One basic standard of sound survey research methodology is to ask each survey question in a way that minimizes the ways the question can be interpreted. Gambling researchers have been interested in the question of amount individuals spend on gambling, with a typical hypothesis being that pathological gamblers spend larger amounts of their available money on gambling than non-pathological gamblers. However, one individual may consider their gambling expenditure as the total amount spent in the gambling episode, while another individual may consider their gambling expenditure as the net loss after subtracting the gains. Blaszczynski & colleagues examined the range of interpretations that typical survey respondents have to the question “how much do you spend gambling?”1 A sample of 181 medical students were asked how much was spent in five vignettes of various gambling scenarios presented to them. For each vignette, respondents were asked “how much was won”, “how much was lost”, and “how much was spent gambling”. In one of the vignettes (shown below), respondents calculated the response to “how much was spent gambling” in a variety of ways: 63.9% calculated net expenditure, 16.7% calculated the initial investment, 5.6% calculated initial investment plus losses minus winnings, 3.9% calculated sesion loss, and 10.1% used another strategy. Overestimates of gambling expenditure are related to reporting turnover (total amount gambled inclusive of wins which are re-invested) and/or incidental costs (e.g., travel, food) in their calculation of amount spent gambling. As self-reported gambling expenditures are often used to estimate community or sub-population expenditures for public health or policy-making purposes and to provide a clinical marker for risky gambling behavior, it is important to assure consistency in the interpretation of this question. Blaszczynski & colleagues recommend that clear instructions on how to calculate expenditure be included in surveys asking respondents to estimate how much they spend gambling. Their recommendation for the most relevant estimate of gambling expenditure is net expenditure (the amount gambled less winnings, or gross profit).

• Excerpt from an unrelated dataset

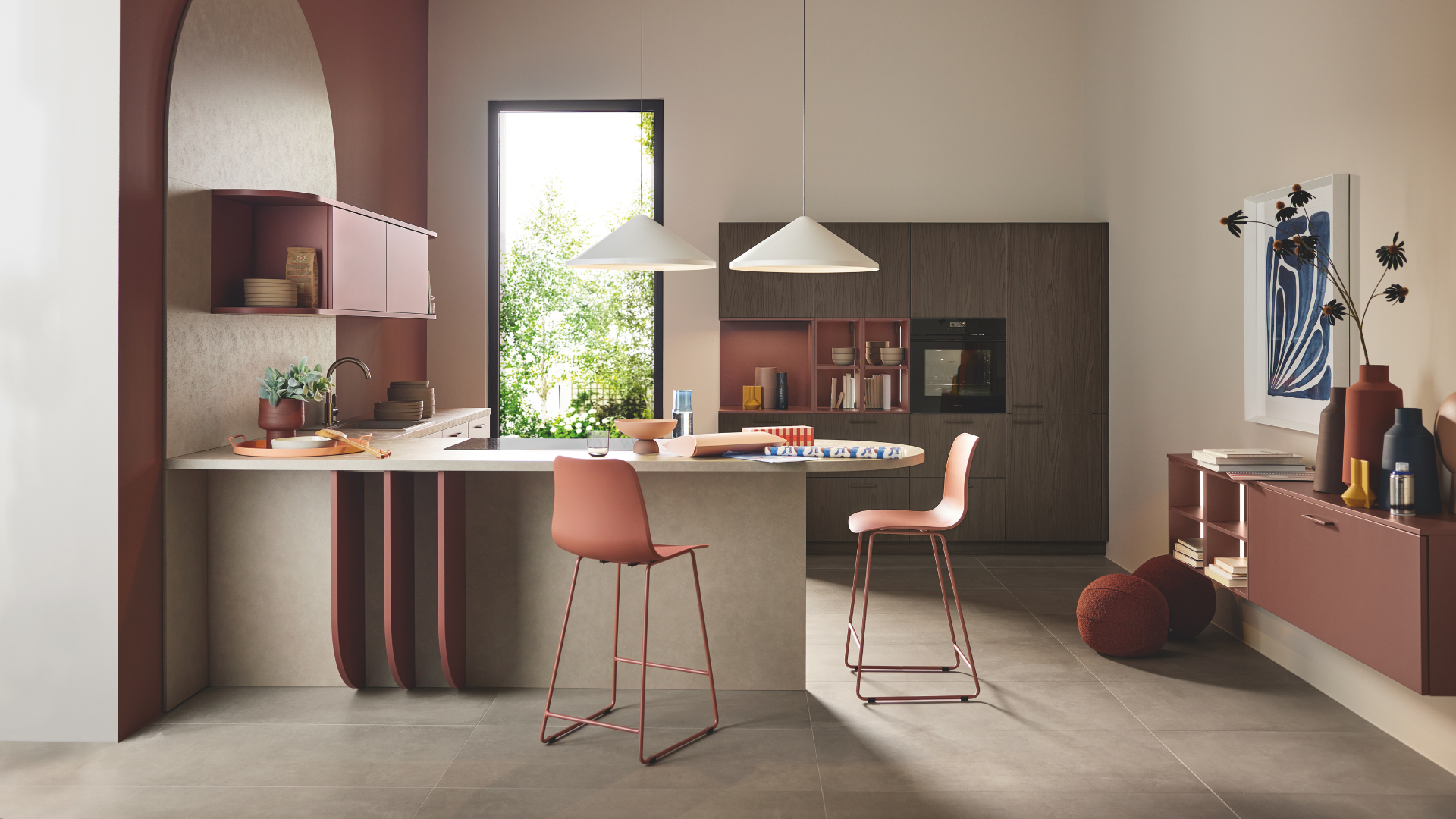 Strakke lijnen maken plaats voor zachte, vloeiende vormen. Denk aan afgeronde hoeken, gebogen kasten en open schapindelingen die zorgen voor een uitnodigende uitstraling.

Sources: 1. Shaffer, H.J., Hall, M.N., & Vander Bilt, J. (1997). Estimating the prevalence of disordered gambling behavior in the United States and Canada: A meta-analysis. Boston: President and Fellows of Harvard College;
2. Federman, E.J., Krebs, C., Drebing, C.E., Colburn, N., Beaman, A., Marshall, J. & Penk, W. (1998, April). Gambling: An under-diagnosed and costly disorder. Poster session presented at the NIDA Town Meeting, Boston, MA .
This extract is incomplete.